Usually, in children it is easier to differentiate, for example, acne from a yeast (candida infection). Sometimes folliculitis occurs (inflammation of the follicles). The problem is that people confuse rosacea with acne where rosacea is a vascular disease. There are many other diseases that may be confused with acne, therefore it is vital for the dermatologist to diagnose it correctly.

- Is it true that taking birth control pills is a solution for acne in women?

Especially in women with androgenic symptoms.For example, in girls who have a lot of hair on their skin. Or girls that have androgenic alopecia.These patients do benefit from birth control pills.However, if they stop taking the pills it is very likely that they will develop acne. So, regardless of taking the pills, these patients must be treated independently from their hormonal problem using other alternatives.

- There are situations in which there will be a mother of a young man or woman who will say “I have done everything to try to cure my son or daughters acne and it always comes back. There is no cure”. What causes these continued failures in the treatment of acne?

First we will let the mother know that we will find a solution. 99.9% of acne cases are treatable. The causes of such failures are a misdiagnosis or the type of acne has not been treated correctly. It may take up to 3 months to find out the type of acne. Then the correct treatment can be used.

- Patience comes with patience?

Exactly.The answer is to see the aggravating factors. Sometimes even after the treatment is finished; maintenance is key. And above all, with rebellious acnes, we must anticipate, and let the patient understand that the treatment will last for a period of 4 to 5 years.

- Is it less common among young people today than 20 years ago?

Of course.Today there are fewer acne patients than 20 years ago.

- Why is it thatin the last 10 years, their have been important advances?

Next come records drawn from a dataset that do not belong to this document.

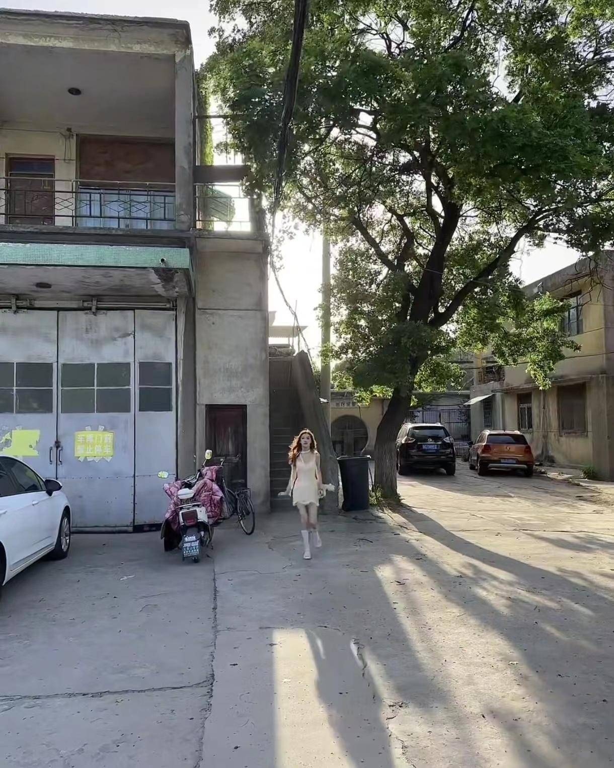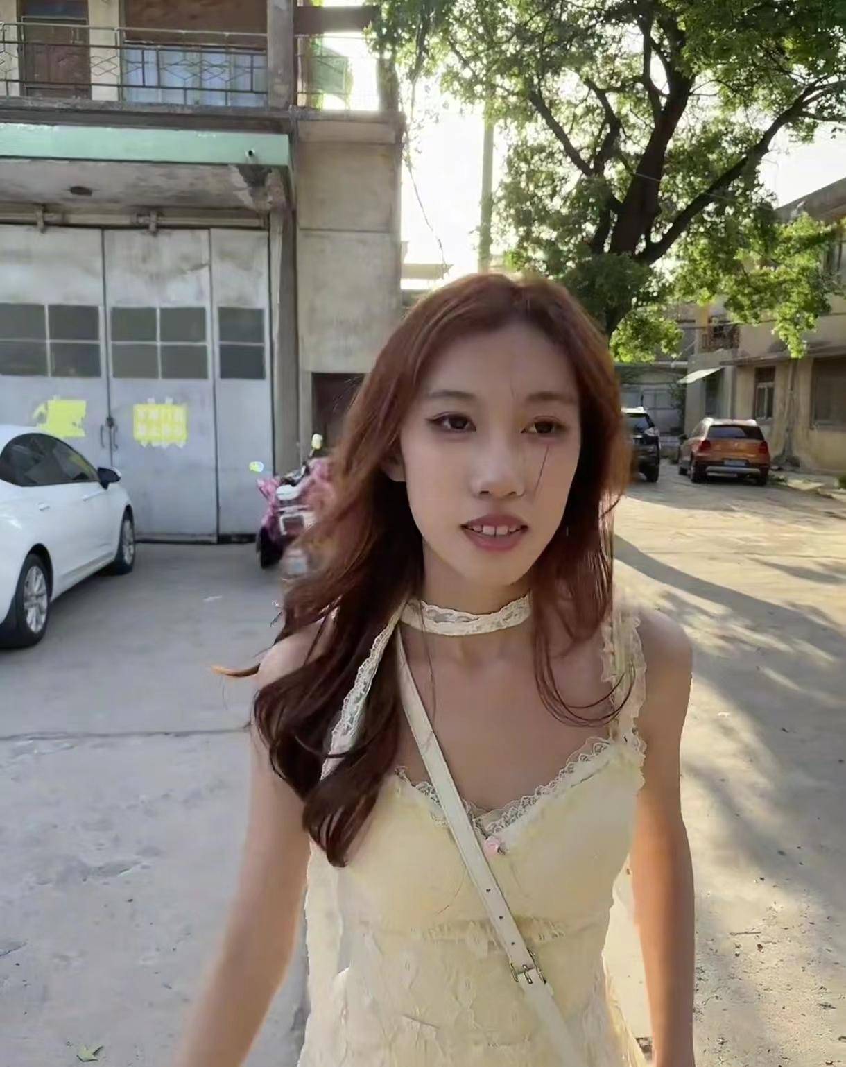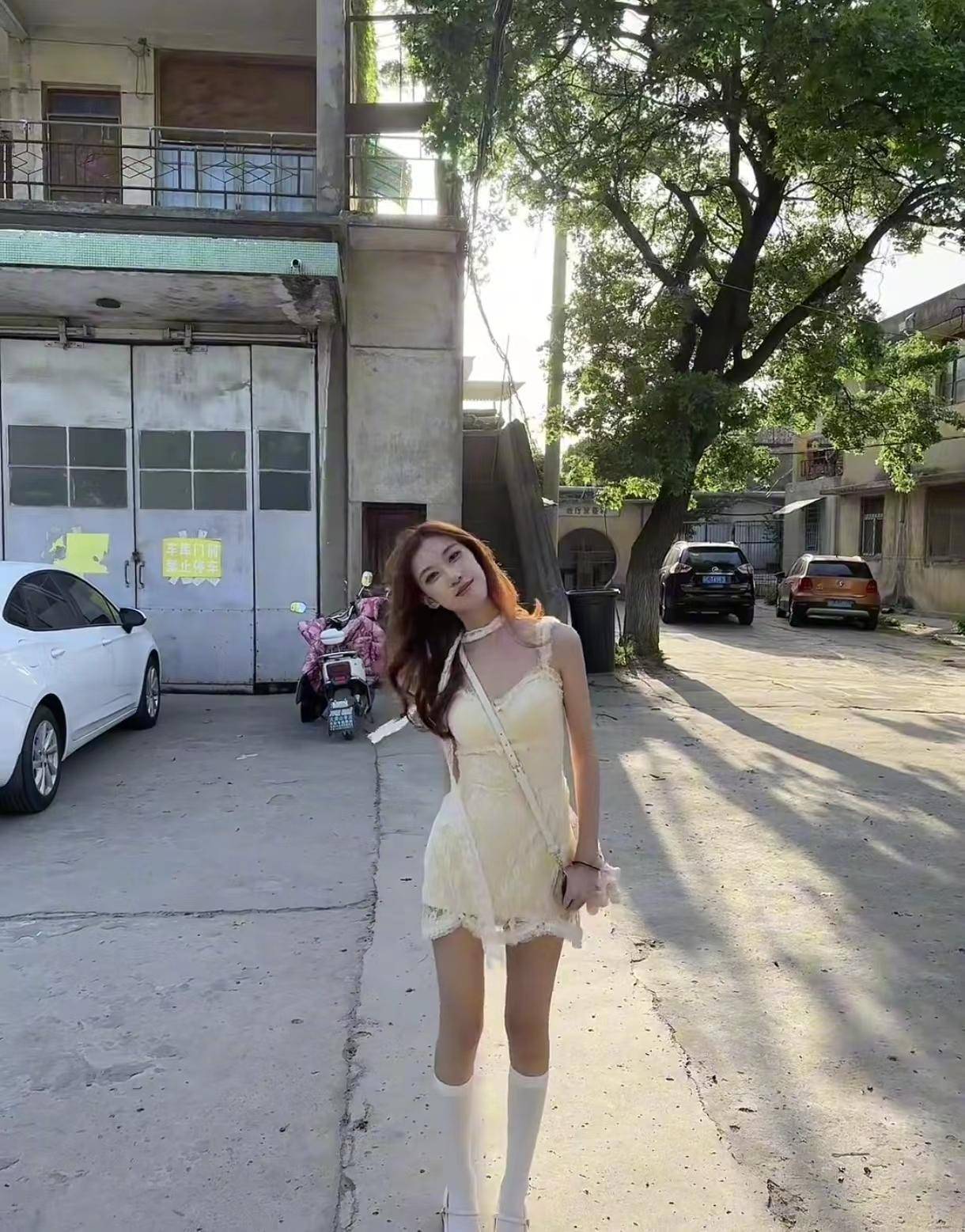 镜头中一位身材高挑,穿着吊带裙和白丝袜的女孩让人眼前一亮:好漂亮啊!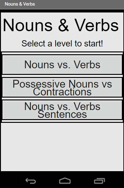 이 게임에서는 다양한 어려움을 겪고있는 여러 단계 중 하나를 선택하여 품사를 배우고 재미있게 배울 수 있습니다! 단어가 화면 상단에 나타나면 주어진 단어가 명사인지 동사인지 또는 소유 명사 또는 수축을 선택한 수준에 따라 선택해야합니다. 30 가지가 넘는 단어 목록에서 무작위로 단어를 선택하여 재미있게 보행하면서 단어를 확장 할 수 있습니다! 당신이 가진 시간에 질문을 바로받을 수있는만큼 점수를 얻으십시오! 수업 시간에 최고의 어휘력을 얻을 때까지 연습하십시오!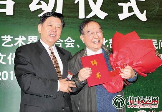 周巍峙、胡振民啟動中國口頭文學(xué)遺產(chǎn)數(shù)字化工程。胡振民為中國口頭文學(xué)遺產(chǎn)數(shù)字化工程工作委員會名譽顧問周巍峙頒發(fā)聘書。
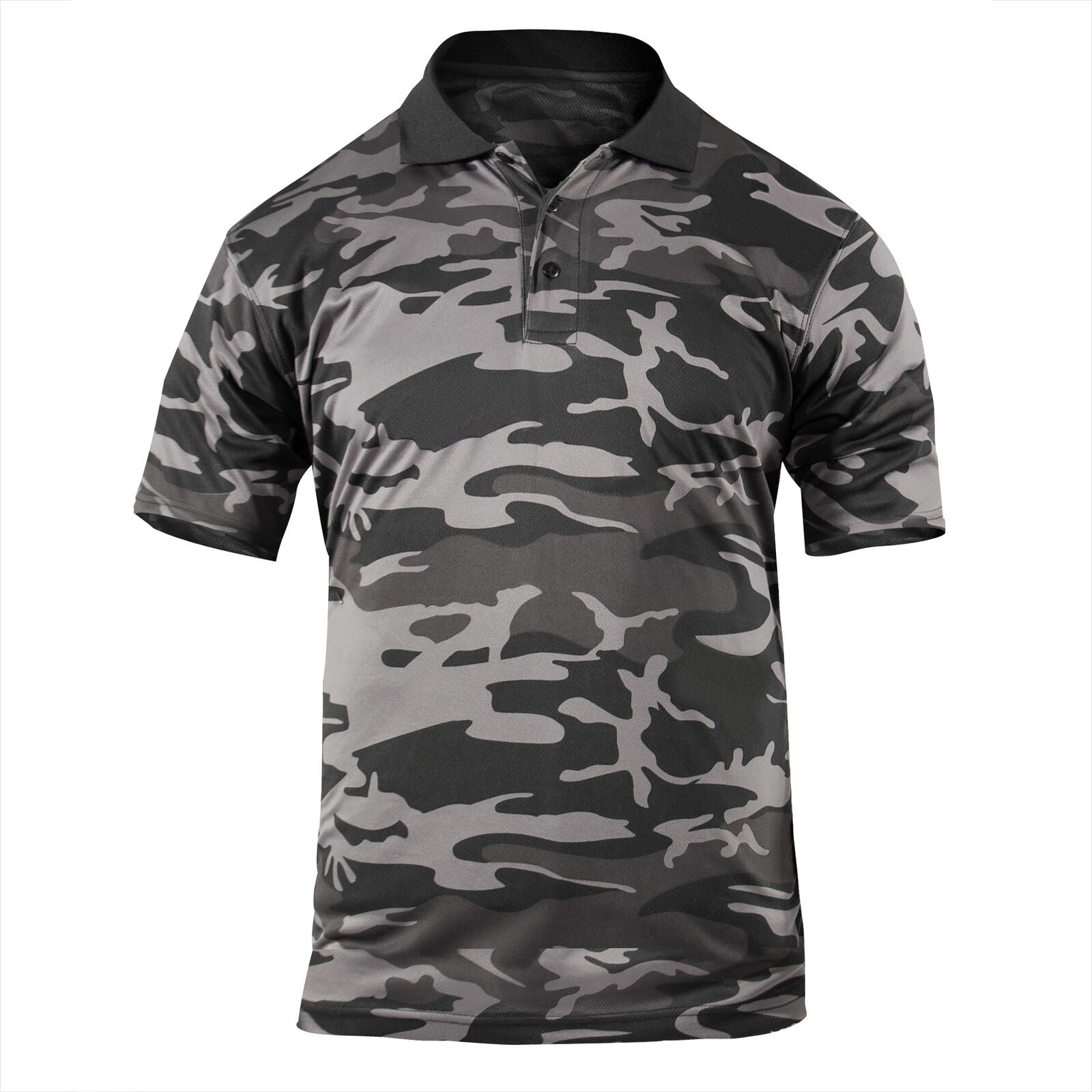 Men's Black Camo Moisture Wicking Polo Short Sleeve Polyester Shirt

Yes, especially vitamin A, and a drug called Accutane has made a big difference.We also do special formulas tailored to each patients needs.

- What is the role of laser?

Laser is not the treatment for acne. It may be used in exceptional cases.If there are scars due to acne, laser is recommended to diminish scars and improve overall appearance.

- So, scars are going to stay? Even if the patient follows treatment as directed and does not touch his/her face?

This is why it is of utmost importance to follow treatment as instructed, and to continue with the treatment. With time, overall appearance will get better.

- What is your protocol Dr. Pablo facing a severe acne?

First we must go over the patient’s clinical history to see what kind of acne it is and what has been the trigger. For instance, if it is a woman with androgenic signs we must know what medications are taken. (Antidepressants or medications for seizures can produce acne). Next we will customize the treatment for the patient’s specific needs. Last, but not least is to create a maintenance protocol. Patients should NEVER touch their face.Stress also plays a big role in this skin condition. Exercise is always recommended to reduce stress. Usually there are only a few analytics done. Getting to know the patient along with a thorough clinical study is key.

- Is visiting with a Psychologist sometimes needed?

Often the dermatologist serves as a psychologist by asking questions and getting to know the patient.

Dr. Pablo Umbert, a hug and thank you for being with us. For having spoken of acne. Dr. Pablo Umbert, Chief of Dermatology of l'Hospital Sagrat cor, teaching unit of the University of Barcelona and head of the Institute Pau Umbert at Clínica Corachàn of Barcelona.